Mit dem Schulhaus in Leutschenbach von Christian Kerez leistete sich die Stadt Zürich herausragende Architektur. Fotos: stadt-zuerich.ch

Am richtigen Ort sparen

Die Stadt Zürich will nicht wahr haben, dass sie teurer baut. Ihre Forderungen aber gehen in die richtige Richtung: Sie will die Kosten für Standards aufzeigen, über Komfortansprüche debattieren und die Umsetzung der Baugesetze hinterfragen. Die Qualität der Architektur steht zu Recht nicht zur Debatte.

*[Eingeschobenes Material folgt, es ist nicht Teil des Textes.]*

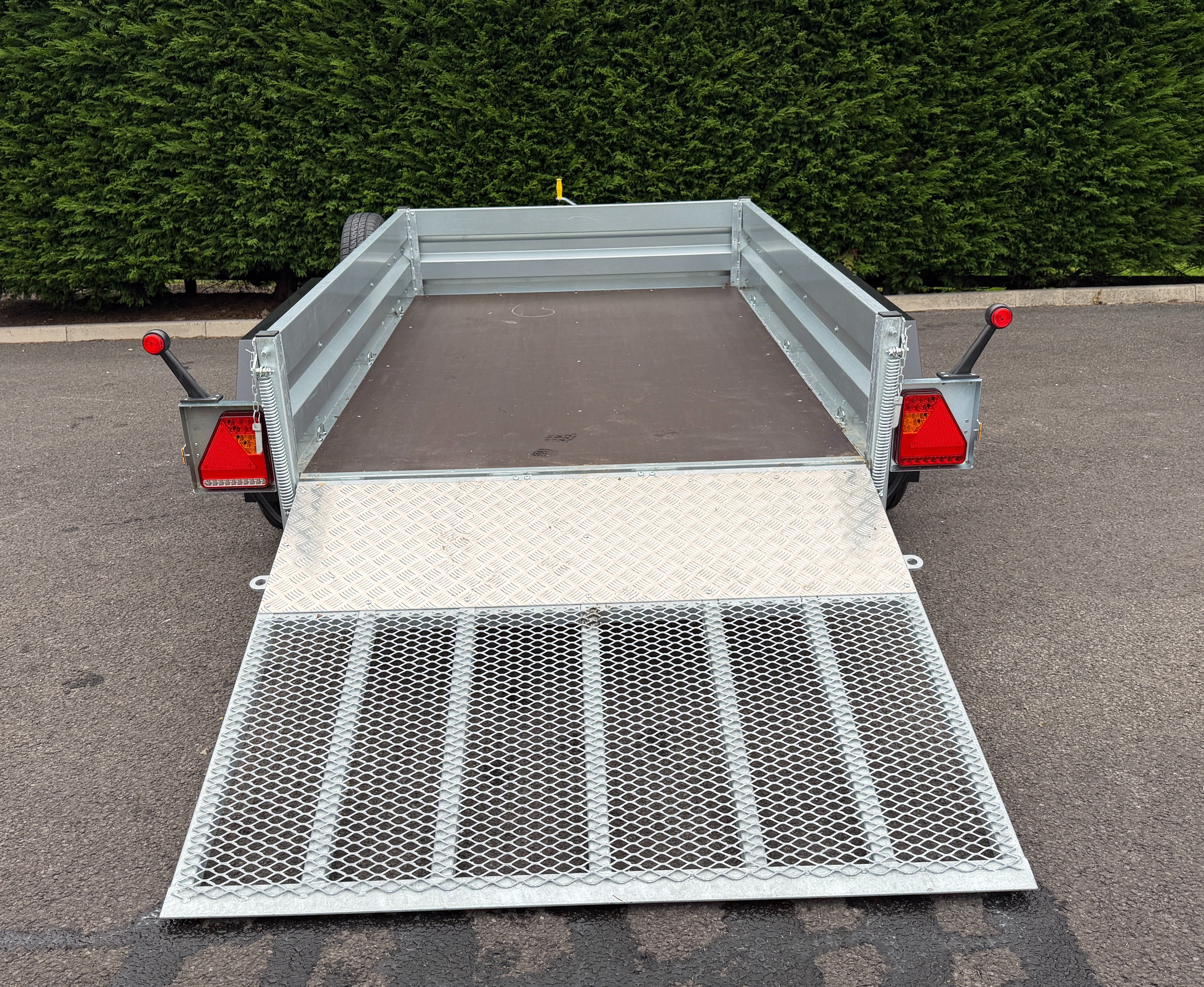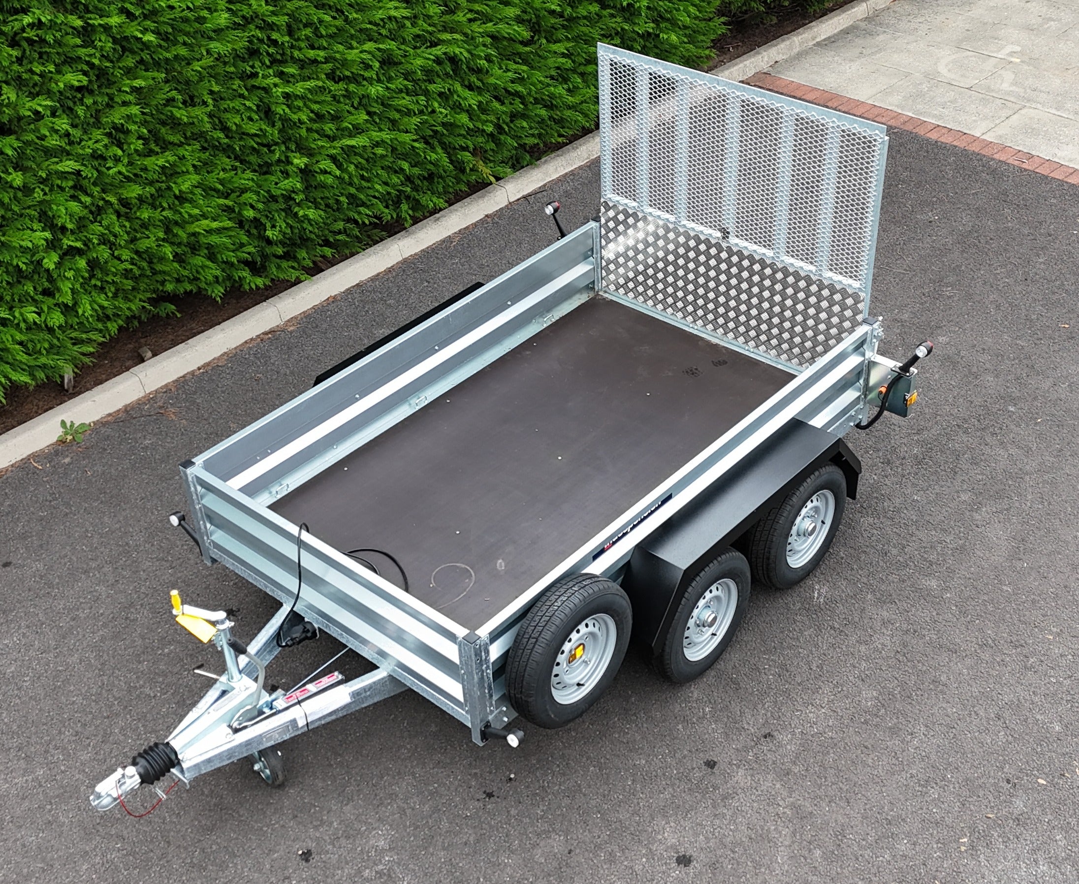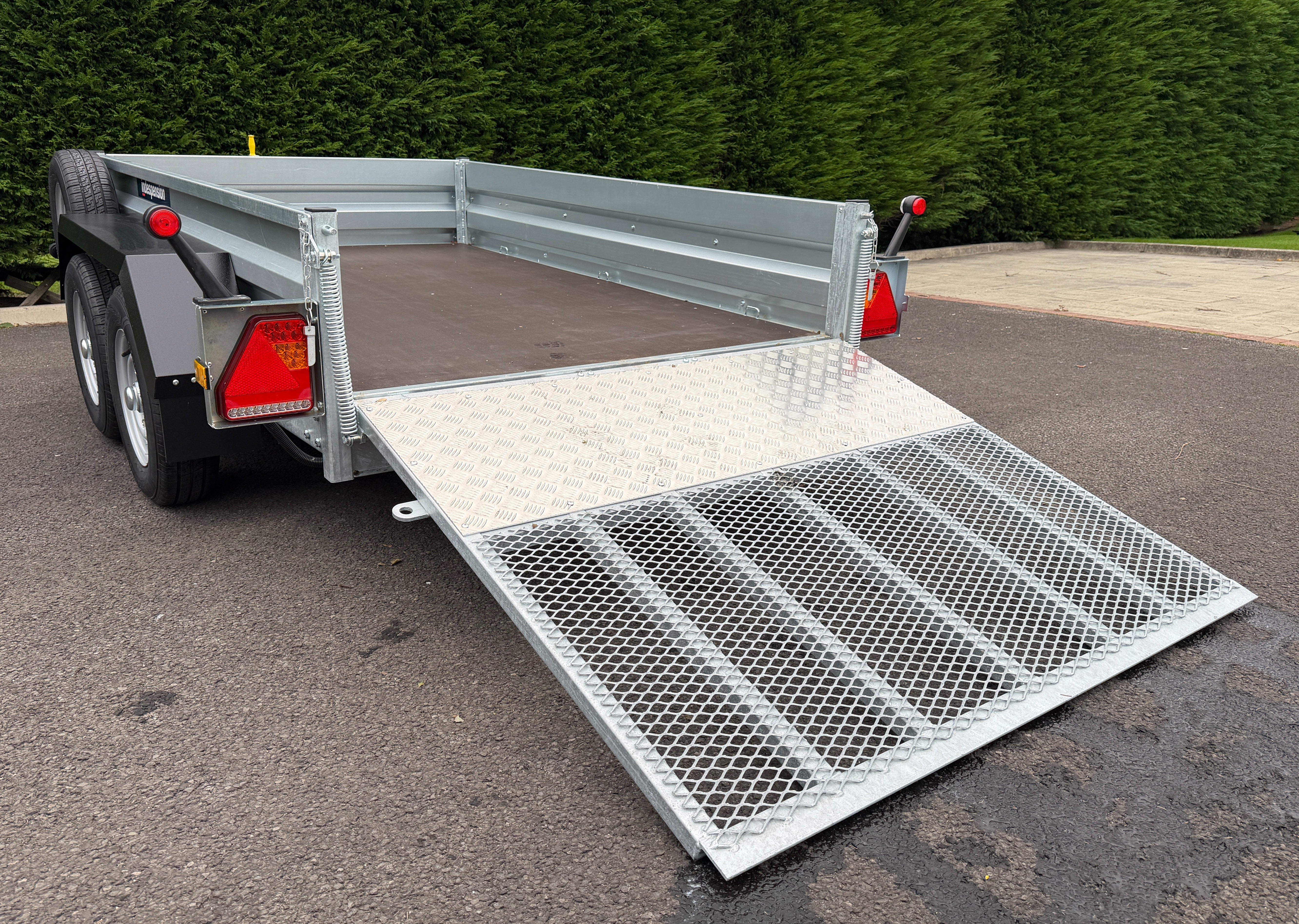 This trailer features a hot-dip galvanised steel chassis, crafted to ensure a rigid and sturdy design. Profiled galvanised pressed steel sides and box section corner posts further enhance its structural integrity.

In den Studien steht es Schwarz auf Weiss: Ausser bei den Wohnsiedlungen baut die Stadt Zürich «tendenziell teurer» und rechnet mit «deutlich höheren Kosten». Die Stadt will das nicht wahr haben. Sie möchte mit dem Projekt «Kostenklarheit» zwar in die Offensive, doch sie kommuniziert defensiv: «Die Stadt Zürich baut nicht teurer als andere», so ihr Schluss. Allerdings bestelle sie mehr Raum und höhere Standards. Ihre Bauten sind also grösser und aufwändiger, also kosten sie auch mehr Geld. Dass die Stadt das verneint, leuchtet nicht ein, denn die Mehrkosten haben ihre Gründe. Die Zürcher wollen in die 2000-Watt-Zukunft. Doch der Wegzoll dorthin ist nicht gratis. So kostet die Haustechnik bei der Siedlung Kronenwiese pro Wohneinheit 35 Prozent mehr als der Durchschnitt. Grund dafür ist der Standard Minergie-A-Eco, den die Stadt zum ersten Mal anwendet. Sie will künftig besser aufzeigen, welchen Einfluss neue Richtlinien auf das Budget haben. Das ist zu begrüssen, so schafft die Stadt Transparenz.Hauptkostentreiber sind laut Stadtrat André Odermatt der Flächenbedarf und die Nachfrage nach besseren Ausbaustandards. «Darüber müssen wir debattieren», sagt er zu Recht. Die Zürcher sollten sich überlegen, was sie sich leisten wollen. Die Raumprogramme der Stadt sind umfassend. Wie gross ein Pflegezimmer sein soll, wie viele Quadratmeter ein Schüler beanspruchen darf, darüber lässt sich diskutieren. Falls sich die Zürcher weniger leisten wollen, müssen sie das am Anfang eines Projektes entscheiden. Wer während der Planung zusätzliche Zimmer ins Raumprogramm packt, sollte die Schuld für die Mehrkosten nicht den Architekten in die Schuhe schieben. Wer mehr bestellt, bezahlt auch mehr. Ebenfalls richtig ist der Wille der Stadt, den Paragraphendschungel zu durchkämmen. Der Spielraum der Gesetze sollte genutzt werden, um die Kosten zu senken und nicht um aus jedem...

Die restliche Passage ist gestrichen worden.